For you see, I always sit down to pee. And yes, it’s political.
As a man, I go through the world feeling its weight on my shoulders. I would rather society not tell me that it expects me to be so strong and virile and active and pouring sweat and carrying around lumber all the time, but it does, and like a good man, I listen. It’s exhausting. I need all the resting time I can take, that’s exactly what I’m taking when I take my pees.
I think of my bathroom time as both my pee time (I actually love peeing) and my me time. It’s where I get to dismantle the façade that I carry around—strong, rational, my cards close to my vest, my farts sucked into my body with the strength of a Dyson. In my stall—and, yes, for the time that I’m in it, that stall is mine—I get to unleash the real me. The potent fragrance of my id never fails to impress me, once pushed out of my superego’s membrane.
I sit on the toilet and I clear my mind—and my body.

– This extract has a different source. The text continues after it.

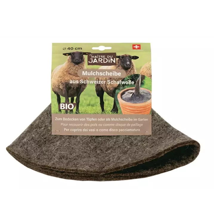 Mulchscheibe für Töpfe und Pflanzen aus Schweizer Bio-Schafwolle
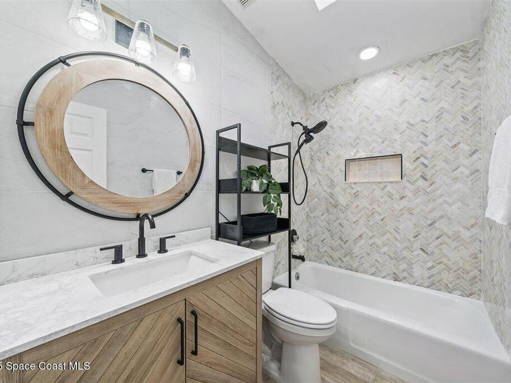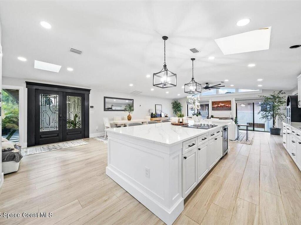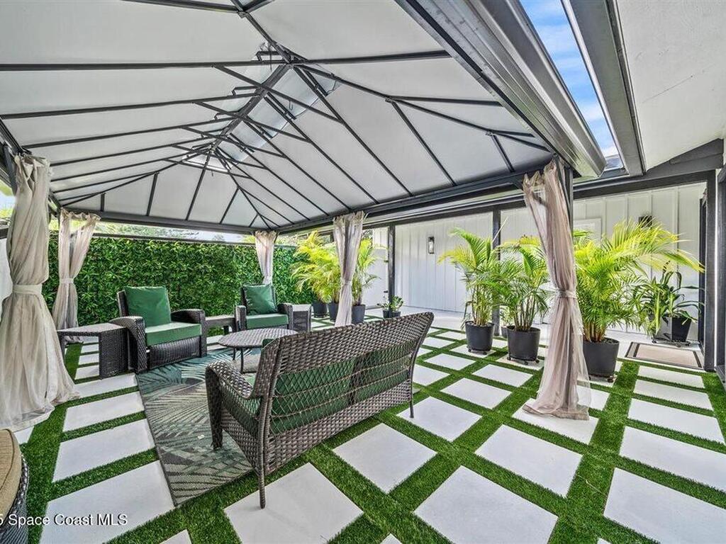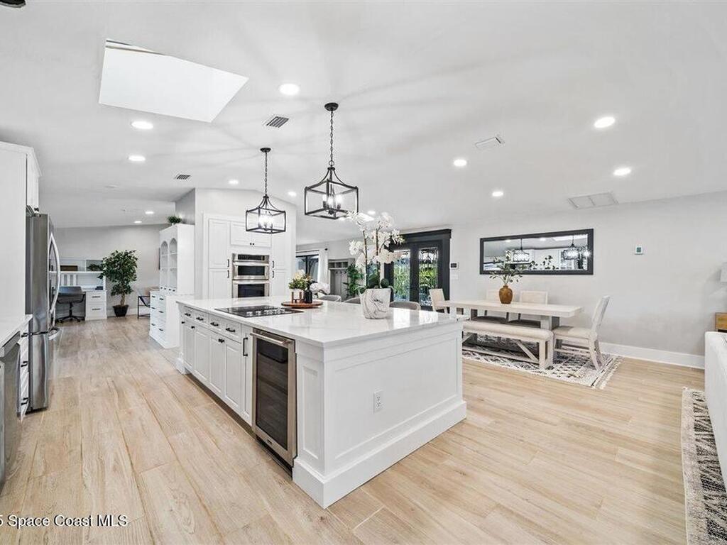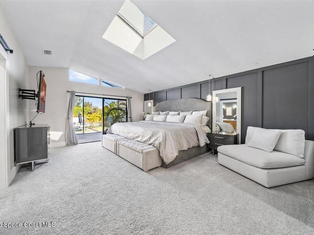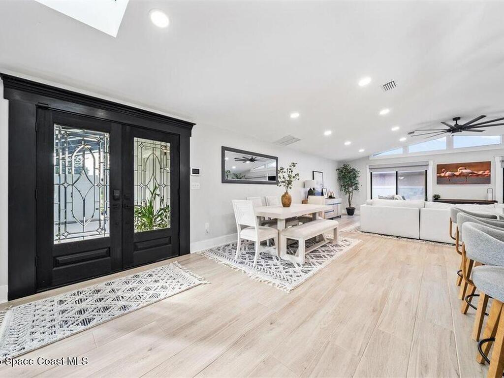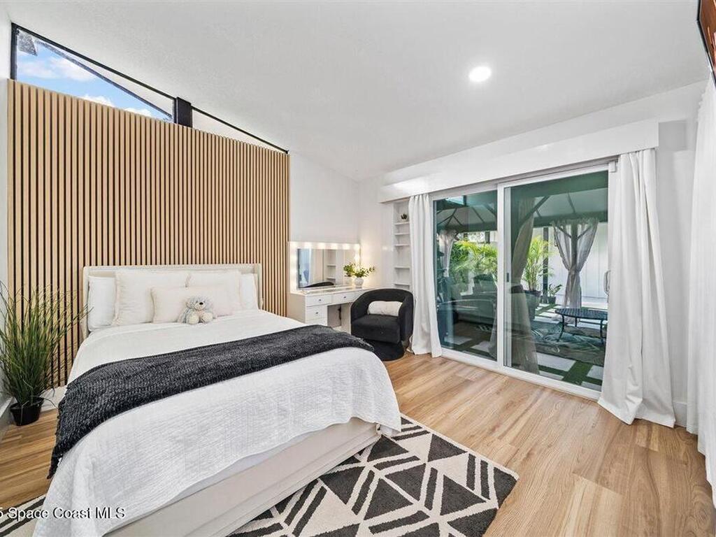 Welcome home, where thoughtful design & quiet luxury make this sanctuary unforgettable. Set on an oversized, newly re-landscaped lot, this pool retreat has been transformed with timeless upgrades--from the new roof & skylights to the handcrafted Hardie-board exterior that wraps the home in comfort & durability. The elevated deck has been rebuilt & skirted in Hardie-board for a seamless look, while the screened porch, fresh sod, & private grill deck with a dedicated gas line create outdoor spaces perfect for lingering sunsets and effortless entertaining.Inside, natural light pours through impact slider & across warm LVP floors, highlighting a mahogany front door & a reimagined fireplace wall that anchors the living space. Every corner reflects care: remote-control shades, dimmable lighting, rebuilt garage AC, added insulation, upgraded electrical, clear-water well sprinkler, built-in closet system, & a transferable termite bond. This is a home ready for its next cherished chapter.

While in my crouch, I never want to have the burden of thinking about what’s coming out of where (for that reason, I often put a plastic bag over my head in case my body feels like vomiting). Sitting on the toilet means whatever wants to come out can come out. Whatever will pee will pee, as the song goes. I’ll confess that I’m prone to sharting, and so peeing sitting down helps keep my underwear clean, which is good for the environment if you think of the environment as broadly as possible, which I always try to do, though sometimes I fail because, after all, I’m only a man.

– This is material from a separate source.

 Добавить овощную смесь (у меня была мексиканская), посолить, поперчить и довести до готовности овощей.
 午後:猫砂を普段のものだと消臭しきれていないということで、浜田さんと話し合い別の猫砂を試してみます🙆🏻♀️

It’s easier to read while sitting down, and though my urination generally lasts no more than 30 seconds, that’s a perfect amount of time to read tweets from some cool Twitter feeds like Matt McGory’s and Sam White’s. Those guys are awake to things that most other guys can’t even dream of.
Sometimes I’m frankly not in the mood to touch my penis and I like to pretend in its place is just a small hole put on my body for one reason and one reason alone: to void waste. It’s my right as a conscious man to regard my penis however I see fit, even if it means being willfully unconscious of said penis.
What penis? :)
Speaking of holes, sitting down to pee allows me to quietly bond with women, without ever burdening them with my maleness or need for validation as a result of how open-minded and cool I am about their condition and the world in general. I know their plight. I know what it’s like to be on the wrong side of toilet-seat privilege. Demanding that seats be put down and stay down isn’t just the job of gals these days, guys. Allyship means demanding fairness even when it doesn’t benefit you. (In my case, though, as a man who only sits down to pee, it does.)
Equality just does not exist until it’s felt by all. Including me. Sitting down to pee allows me to feel the burdens of not just the ladies, but several other marginalized groups, including but not limited to: people with disabilities, people whose kneecaps just got busted in by their arch nemeses, people whose Achilles tendons just got slashed by people under the stairs, people who just got their legs chainsawed off by Leatherface, people who are too depressed to get out of bed, people from 200 years ago who suffered from the vapors and couldn’t stand then and can’t stand up to pee now because they’re dead, very old people, and very young people who just got their first potty and have yet to have their existences soiled by disparity and the burden of societal expectation.
Sitting down to pee also helps keep the floor clean, which is good for janitors and the women who have been cleaning up for me all of my life and, with any luck, will continue to do so. Thank you, I’m sorry, and most of all: You’re welcome.